Everything that’s old is new again.

The FBI also infiltrated Students for a Democratic Society and other groups protesting America’s war in Vietnam. At the 1968 Democratic National Convention in Chicago, where an estimated 1,000 FBI and Secret Service agents were on duty, some of them grew out their hair to mix with the “hippy” crowd. That defied an order by the straight-laced FBI director J. Edgar Hoover, who said agents should keep their hair short even when undercover.

Does that mean one in six of the protesters at the 1968 convention was an FBI agent, as Rep. Marjorie Taylor Greene (R., Ga.) recently claimed? Probably not. But the fact that she invoked the iconic left-wing Chicago protests tells you how much the political tides around the FBI have turned.

“Law-and-order” Republicans used to support the FBI, including its hard stance against anti-war protesters. No longer.

Earlier this year, a poll found that just 17% of Republicans had a positive view of the FBI, while 56% have a negative one.

That’s because of the multiple investigations of Donald Trump and the Jan. 6, 2021, insurrection at the U.S. Capitol, which Rep. Greene and others have falsely attributed to FBI infiltrators. But we should be able to refute Greene’s lies while still acknowledging the historical truths about the agency, which continues to flout the law.

As a court found last year, the FBI violated its own policies by using a vast trove of foreign intelligence information to search for data about Jan. 6 protesters and participants in the 2020 demonstrations following the murder of George Floyd. Again, that doesn’t mean the FBI incited these protests. It simply means that we need to be vigilant about monitoring it.

Ditto for American policy in Ukraine. On Fox, I watched the since-deposed Tucker Carlson claim that Ukraine is “not a democracy,” but is instead “a client state of the Biden administration.” He also charged that lawmakers like Sen. Richard Blumenthal (D., Conn.) wanted to arm Ukraine because they received donations from military contractors like Raytheon.

That’s a near-perfect echo of Russian state-run media, which has highlighted Carlson’s falsehoods in its propaganda. (After Fox fired Carlson, in fact, a Russian TV network offered him a job.)

But what Carlson says sounds awfully familiar to a child of the 1960s like me: America has surely propped up dictators in the past and awarded too much power to the military-industrial complex, a term coined by a Republican president — and former Army general (Dwight D. Eisenhower) — as he departed office in 1961.

So, as they say, everything that’s old is new again. But now, the mistrust of government surveillance is coming from the right, not the left.

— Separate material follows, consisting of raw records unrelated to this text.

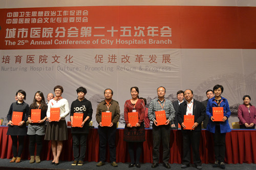 10月24日,中国卫生思想政治工作促进会、中国医院协会文化专业委员会城市医院分会第二十五次年会在兰州召开,此次会议以“培育医院文化,促进改革发展”为主题,湘雅三医院在城市医院分会五项表彰内容均有获奖,全面开花。湘雅三医院荣获全国城市医院思想政治工作先进单位,同时,获得“两个第一”,获得一类课题1项,这是全国城市医院立项课题的最高奖项,以论文提交数量第一的成绩获得城市医院分会2015年度论文组织奖。
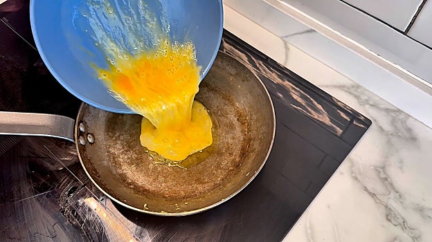 Batimos dos huevos y los añadimos a una sartén ya precalentada con un chorrito de aceite de oliva virgen extra. Cuando tengamos un líquido uniforme lo llevamos a la sartén y cocinamos sin dejar de remover para que no se quede cocinado como si fuera una tortilla y quede ligeramente cremoso.
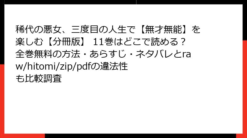 人気の異世界転生漫画「稀代の悪女、三度目の人生で【無才無能】を楽しむ」を、raw、hitomi、zip、pdf、漫画バンクなどの海賊版サイトで読むのは一見便利に思えますが、実は深刻なリスクが伴います。この記事では、そんな海賊版利用の危険性を多角的に解説。法的問題からセキュリティの脅威、倫理的側面までを深掘りし、なぜ正規ルートをおすすめするのかを考察します。海賊版はクリエイターや業界全体に悪影響を及ぼすので、ぜひ参考に。
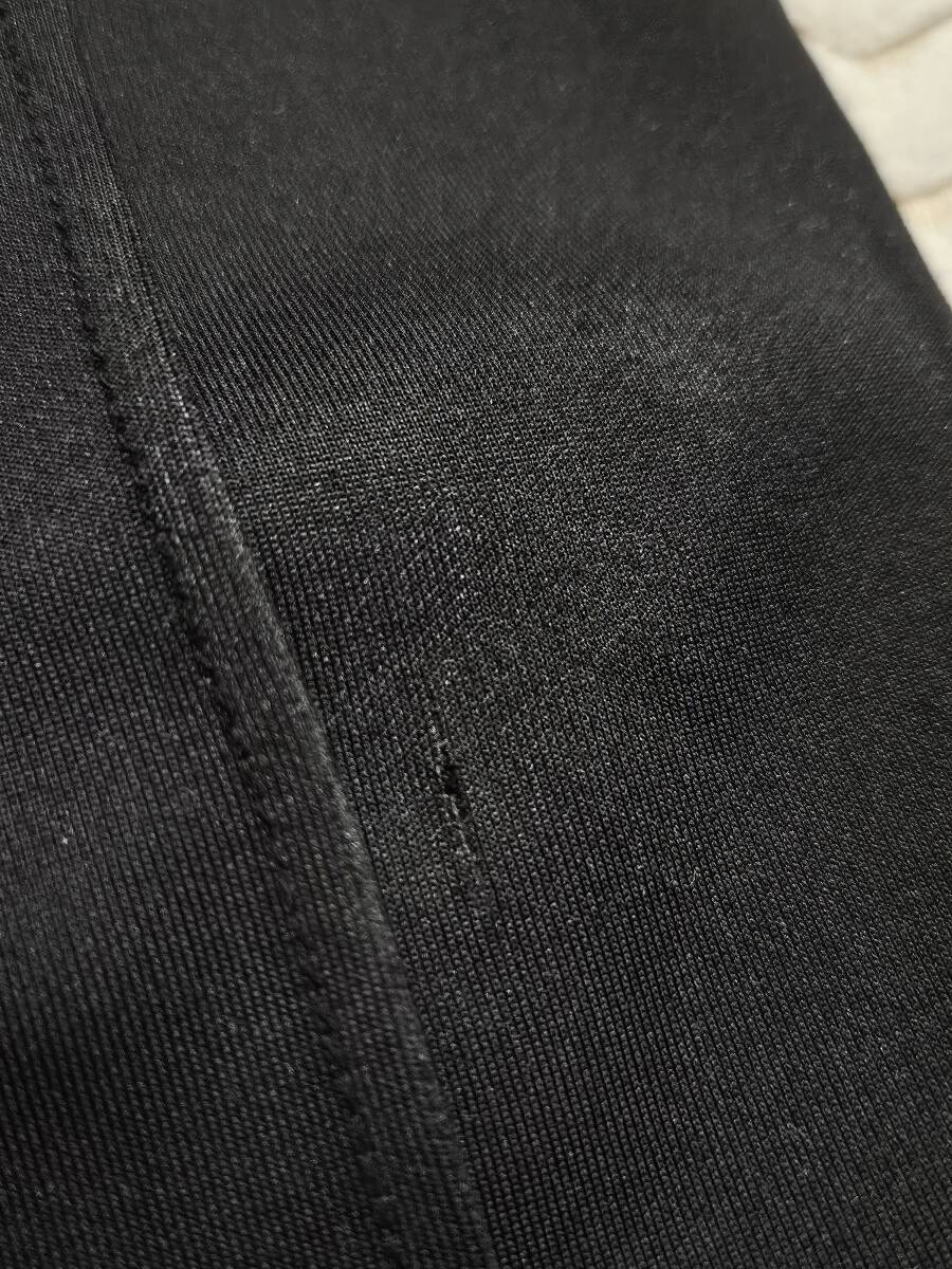 左膝あたり、引っかけた跡がありますが、穴はあいてません。(写真参照)
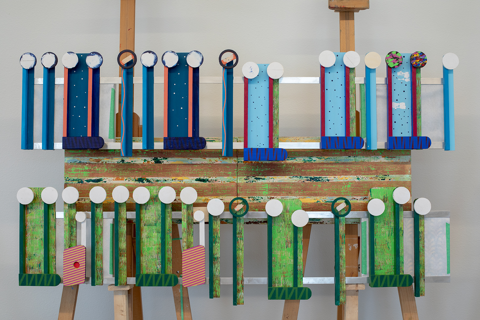 This third image shows the upper and lower music mounted to the background. Drilling holes and screwing canvases together brought back memories of Vivaldi’s The Four Seasons Artworks, and the care needed to support and align canvas parts correctly. I had the easier option to attach the top and bottom canvases to the top and bottom edges of the background, but that looked too two-dimensional. The top section theme is the night sky and the day with rain falling. The lower music color theme is the Serengeti, along with the eventual addition of mount Kilimanjaro.
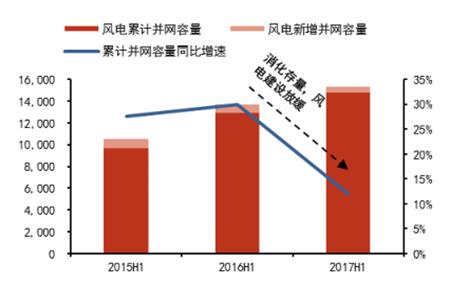 2017年上半年,為改善棄風(fēng)棄光問題,消化現(xiàn)有存量,增量風(fēng)電建設(shè)逐步放緩。全國風(fēng)電新增并網(wǎng)容量601萬千瓦,相較15、16 年上半年新增容量有所下滑,但仍然繼續(xù)保持穩(wěn)步增長勢頭,累計(jì)并網(wǎng)容量達(dá)到 1.54 億千瓦,同比增長 12%。
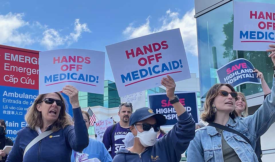 OAKLAND, Calif.—As Congressional Republicans were ramping up their efforts to keep tax breaks for the rich by slashing $1.5 trillion from programs helping ordinary people, at hospitals around California doctors, nurses and other health care workers rallied with families, people with disabilities, seniors and elected officials on May 13, demanding, “Hands Off Medicaid!”Over 300 protesters gathered for a noontime rally at Oakland’s Wilma Chan Highland Hospital, a public hospital that is part of the county-wide Alameda Health System, to fight back against some $880 billion in cuts Republicans are proposing from Medicaid (known in California as Medi-Cal) and other health care programs.
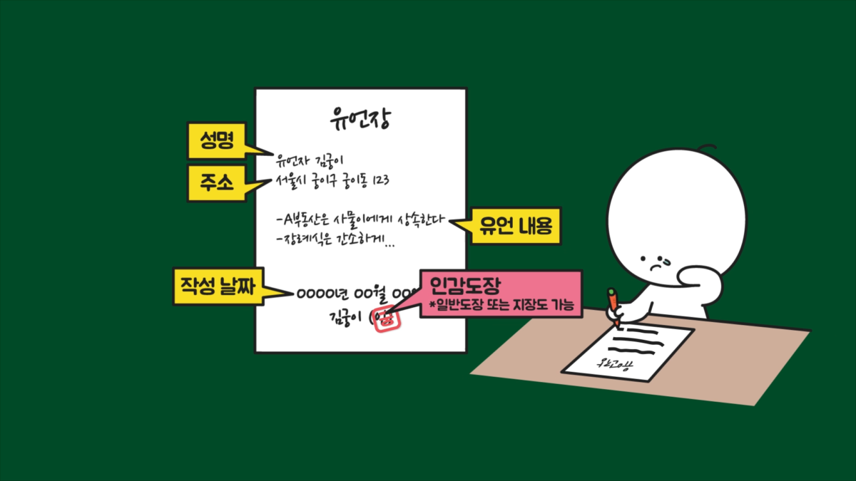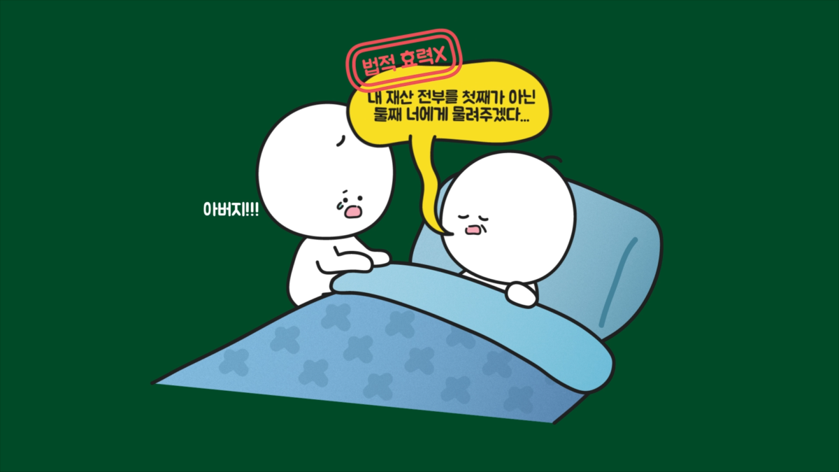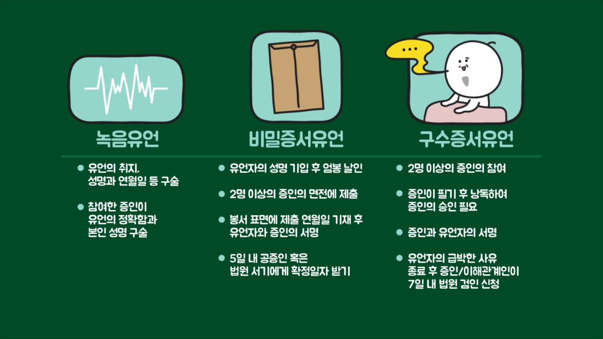 유언은 방법이나 형식 등을 엄격히 지켜줘야 하는 편으로 이미 죽은 사람의 의사를 다시 물어볼 수가 없으므로 혼란을 피하기 위해서입니다. 만약 유언이 일정한 방법이나 형식을 지키지 않으면 효력이 전혀 없으므로 다시 기본으로 돌아가 법에서 정한 상속법에 따라서 재산이 상속됩니다.
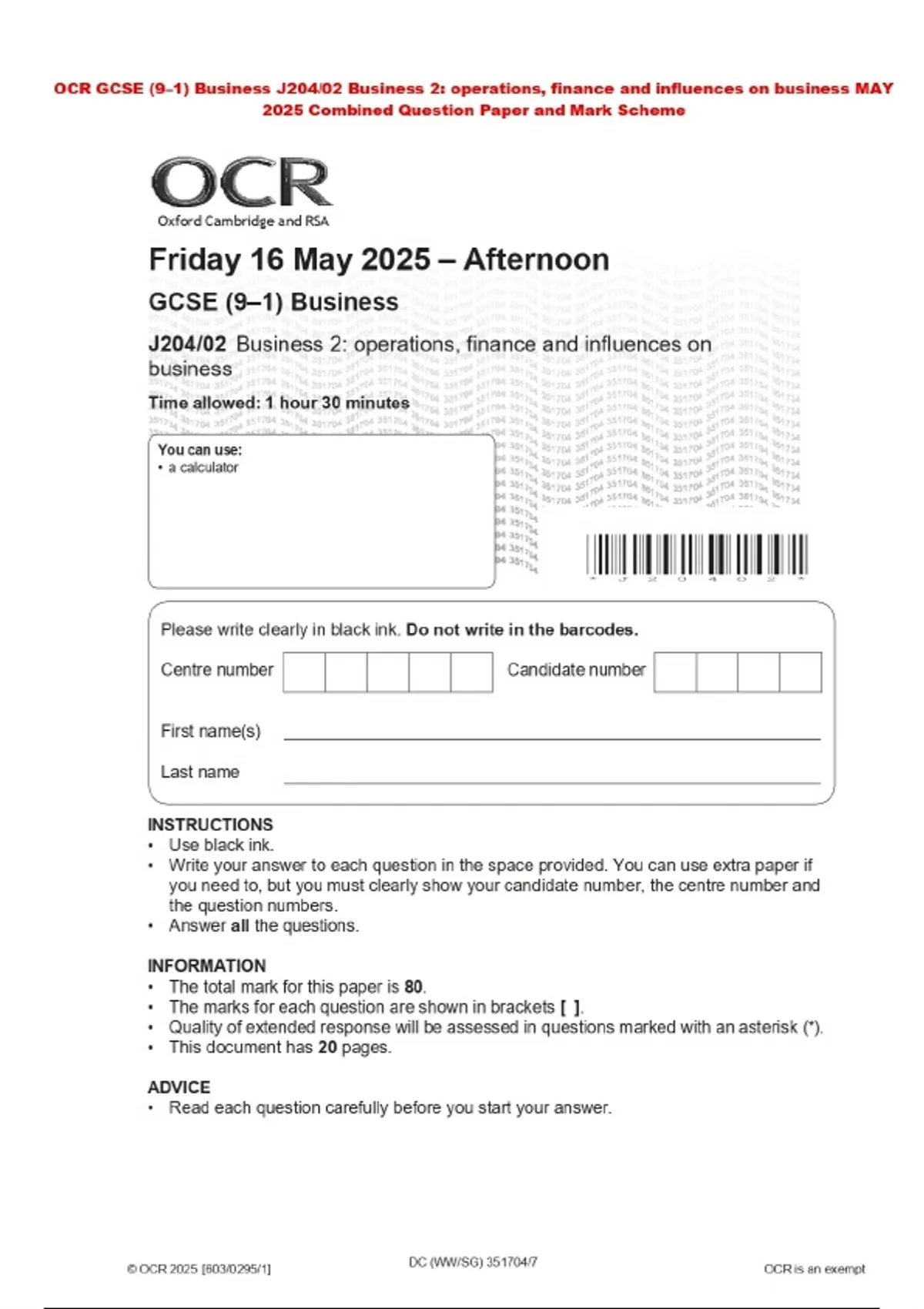 OCR GCSE (9–1) Business J204/02 Business 2: operations, finance and influences on business MAY 2025 Combined Question Paper and Mark Scheme
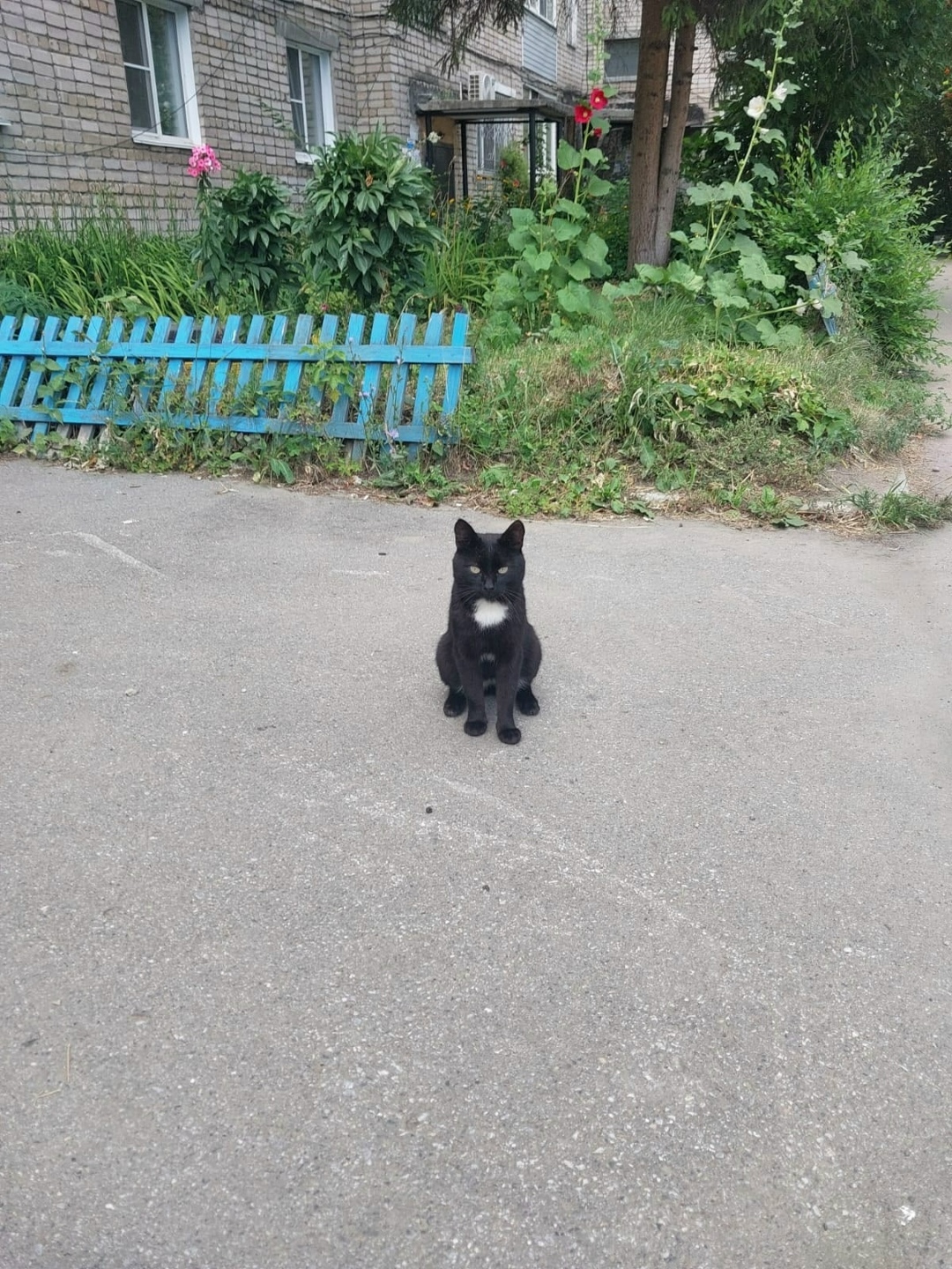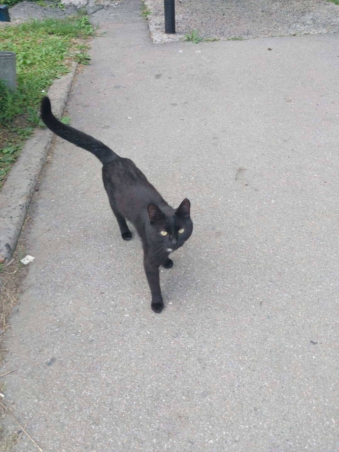 Подбросили во двор молодого чёрного котика, белое пятнышко на груди, ко всем ластится, трется о ноги, просится домой, выживает на улице больше месяца.
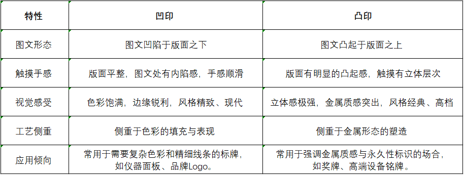 凸印(陽印):指圖文部分高于版面。通過腐蝕或沖壓使空白部分凹陷,保留圖文部分凸起。上色時(shí),可以對(duì)凸起部分進(jìn)行噴漆、電鍍等處理,或者保留鋁材本色,形成強(qiáng)烈的金屬質(zhì)感與觸摸感。
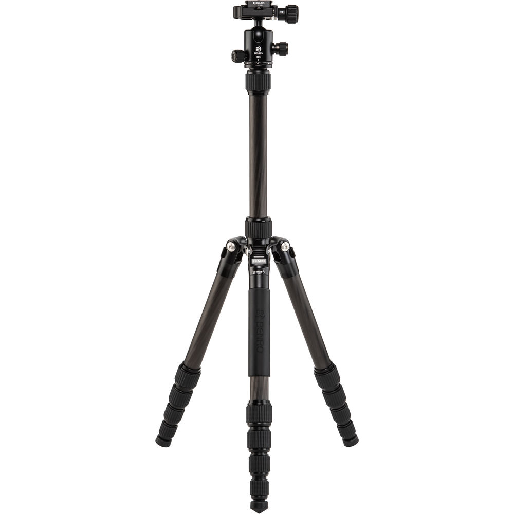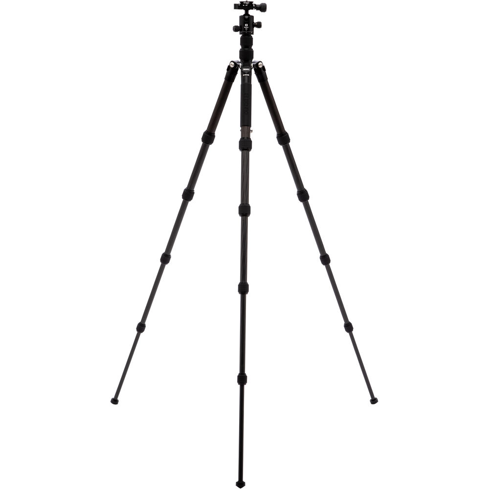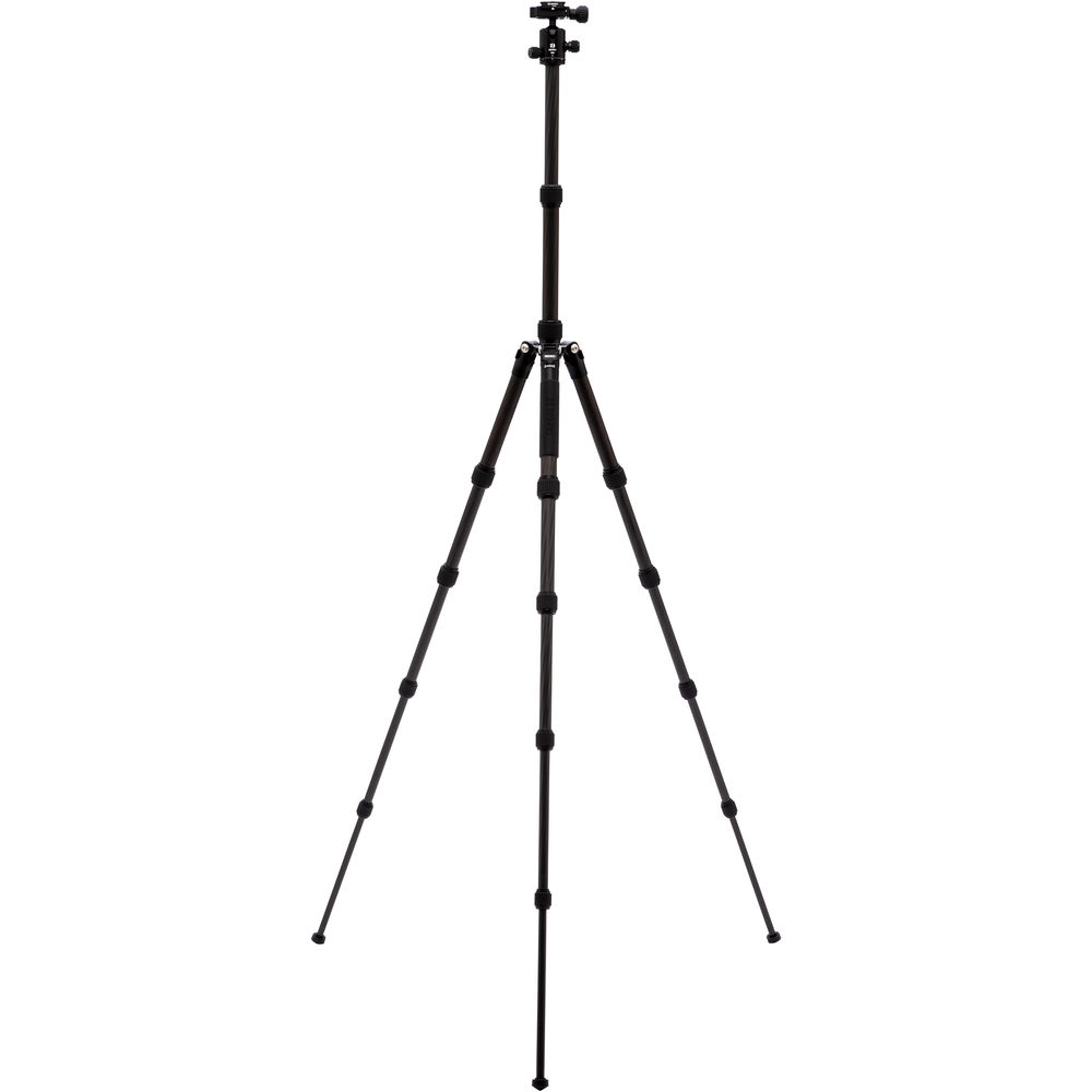 The black 1 Series Tripster Travel Tripod from Benro is a five-section carbon fiber tripod with a two-section center column that combine to reach a maximum height of 59.3", while weighing 3 lb. Splaying the legs completely out, the support drops to a minimum height of 14". Moreover, the legs fold in the reverse to a compact 14.2", so you can carry it to the next location. The removable center column and one leg can combine to create a monopod with a maximum height of 61.4". The Arca-type compatible ball head has a load capacity of 18 lb and includes a quick release plate with a 1/4"-20 camera mounting thread. Additionally, a 1/4"-20 socket located on the yoke of the tripod is used to attach other accessories that would aid you in creating a photograph.
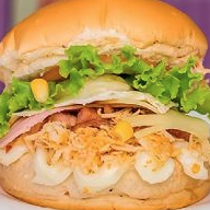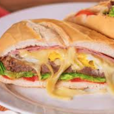 Pão, hambúrguer, ovo, salada, milho, bacon, calabresa, frango, presunto, queijo, maionese artesanal e orégano.
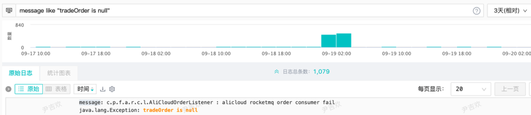 查询订单主表的时候如果为空就会抛一个异常,依赖MQ的重试功能进行下一次重试,这是目前的逻辑。正常情况下订单主表是不可能会出现查不到的情况,在19号凌晨的时候,有一大批订单主表查不到的告警,于是通过关键字去日志平台搜索,如下图所示:
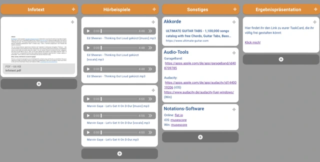 Bereitstellung der Arbeitsmittel: Neben dem Arbeitsauftrag finden sich auf der Pinnwand noch weitere Informationen und Arbeitsmittel. Dazu gehören die jeweiligen Hörbeispiele, Notenbeispiele (ggf. werden diese auch selbst erarbeitet!), Links zu Notations- und Audioschnittsoftware.

We need to be watchful about American aid to Ukraine, to ensure we don’t repeat the worst chapters of our history. For me, that means watching Fox News. Sometimes, Fox simply lies. But it can also keep us honest — and, I hope, humble — by reminding us how much former hippies like me once had in common with it.

Jonathan Zimmerman teaches education and history at the University of Pennsylvania. He is the author of “Whose America?: Culture Wars in the Public Schools,” which was released last year in a revised 20th-century edition by University of Chicago Press.